In 2021, ACS received the Future-Thinking Innovators Award at the International School Awards for the Middle School technology program.

== Faculty ==
As of 2019, there are approximately 135 educators at ACS. These teachers represent 20 nationalities, approximately 50% American, 30% Canadian and 20% from other countries.  65% hold Advanced Degrees (Master's and / or Doctorate) and spend an average of 6 years at ACS.  ACS has an average student to faculty ratio of 9:1.

==Students==
The student body consists of approximately 1,400 students from 56 nationalities. About 58% of the students are from the United States, 8% from Canada, and 4% from the UAE itself.

==Notable alumni==
- H.E. Khaldoon Al Mubarak, the chief executive of Mubadala Development Company and Executive Affairs Authority
- Anwar Nusseibeh, son of H.E. Zaki Nusseibeh, Foreign Minister of State
- Luka Peroš, Croatian actor best known for the role of Marseille in Money Heist

==Famous visitors==
In 1975, Santa Claus arrived at ACS by helicopter; coming down to the school campus. Soon after the event, a popular celebration was created known as "Breakfast With Santa" starting at the beginning of each December, every year. Breakfast with Santa has been a tradition at ACS ever since.

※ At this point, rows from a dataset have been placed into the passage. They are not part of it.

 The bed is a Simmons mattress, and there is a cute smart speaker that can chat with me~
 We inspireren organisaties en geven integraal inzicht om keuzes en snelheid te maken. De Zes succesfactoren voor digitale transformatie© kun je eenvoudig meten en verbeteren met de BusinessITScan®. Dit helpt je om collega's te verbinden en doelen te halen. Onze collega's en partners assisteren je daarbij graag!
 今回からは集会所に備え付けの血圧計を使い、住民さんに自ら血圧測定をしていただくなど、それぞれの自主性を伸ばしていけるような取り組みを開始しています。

- 1976 – Astronauts Vance Brand, Thomas Stafford, and Donald Slayton of the Apollo-Soyuz Test Project
- 1982 – Alex Haley, author of Roots
- 1983 – Muhammad Ali, boxer and philanthropist
- 2017 – Alfred Worden, astronaut, and Allyson Felix, Olympic athlete
- 2018 – Charles Frank Bolden Jr., astronaut
- 2019 – Peter Schumlin, former Governor of Vermont; Helen Clark, 37th Prime Minister of New Zealand; Peter Mayer, songwriter, vocalist, and lead guitarist for Jimmy Buffett's Coral Reefer Band
- 2020 – John Register, US Paralympian
- 2021 – Becky Anderson, host of CNN Connect the World with Becky Anderson

Jane Goodall, anthropologist, visited ACS often.

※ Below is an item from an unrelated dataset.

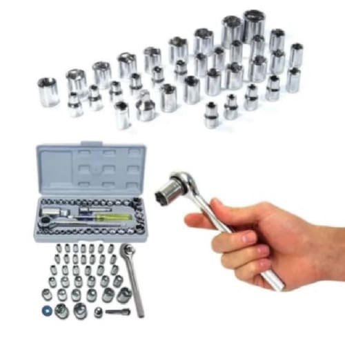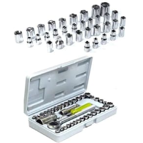 Jogo de Ferramentas com Maleta e Chaves Soquetes com com 40 Peças. - Excelente Jogo com de chaves com Varias Ótimo para Uso Domestico e pequenos reparos em casa ou em seus serviços como hobby. - Utilizados juntamente a alça de chave catraca reversível, os soquetes foram projetados para apertar e afrouxar parafusos de diferentes bitolas ou medidas. - Estes produtos não podem faltar na sua caixa de ferramenta para aqueles pequenos reparos ou hobbys. DPJ IMPORTS - Não recomendamos para , produto domestico e pequenos reparos. - As aberturas das bocas das chaves de aperto são verificadas com gabaritos calibrados, o que garante seu perfeito acoplamento nos parafusos. - Alguns tipos de chaves de aperto são fornecidos em bitolas métricas e em polegadas, para o uso nos diversos fixadores disponíveis, neste kit vocês tem as duas medidas. - As ferramentas são produzidas e testadas conforme normas específicas. - Material de alta resistência. Incluso no Pacote: - 1 Peça - 3/8Chave Reversível - 14 Peças - 1/4 Soquetes de Encaixe: 4, 4.5, 5, 5.5,6, 6.5, 7, 7.5, 8, 9,10, 11, 12, 13mm - 14 Peças - 1/4Soquetes de Encaixe: 5/32, 3/16, 7/32, 1/4, 9/32, 5/16, 11/32, 3/8, 13/32, 7/16, 15/32, 1/2, 17/32, 9/16 - 3 Peças - 1/4Soquetes de Encaixe BPT : 1/4, 5/16, 3/8 - 1 Peça - 3/8 Barra Extensora 3 - 1 Peça - 1/4 3/8 Adaptador - 1 Peça - 3/8 Vela de Ignição 21mm - 1 Peça - 6 Punho - 2 Peças - 3/8 Soquetes de Encaixe: 15mm 16mm - 1 Caixa de Plástico

== Faculty achievements ==
- Nate Bowling, current HS teacher, 2016 Washington State Teacher of the Year and 2016 National Teacher of the Year Finalist
- Brad Flickinger, former MS Tech teacher: author of Reward Learning with Badges: Spark Student Achievement (2016)
- Randall Girdner, current HS teacher: author of Boyd McCloyd and the Time-Travelling King (2020); The Wizard of New York City series (2016)
- Amy Greene, current asst. superintendent: 2021 Principal of the Year (awarded by the National Association for Secondary School Principals NASSP and the U.S. Department of State Office of Overseas Schools)
- Matt McGrady, former HS teacher: featured on p. 90-91 of The Power of Making Thinking Visible: Practices to Engage and Empower All Learners by Ron Ritchhart and Mark Church (2020)
- Robert “Bob Rob” Medina, former MS teacher: author of Denvoid and the Cowtown Punks (2015) and Y Con Tu Espíritu : Palabras y Muertitos (2020)
- Patrick Graham, current ES teacher: author of "Alex the Knight" (2024).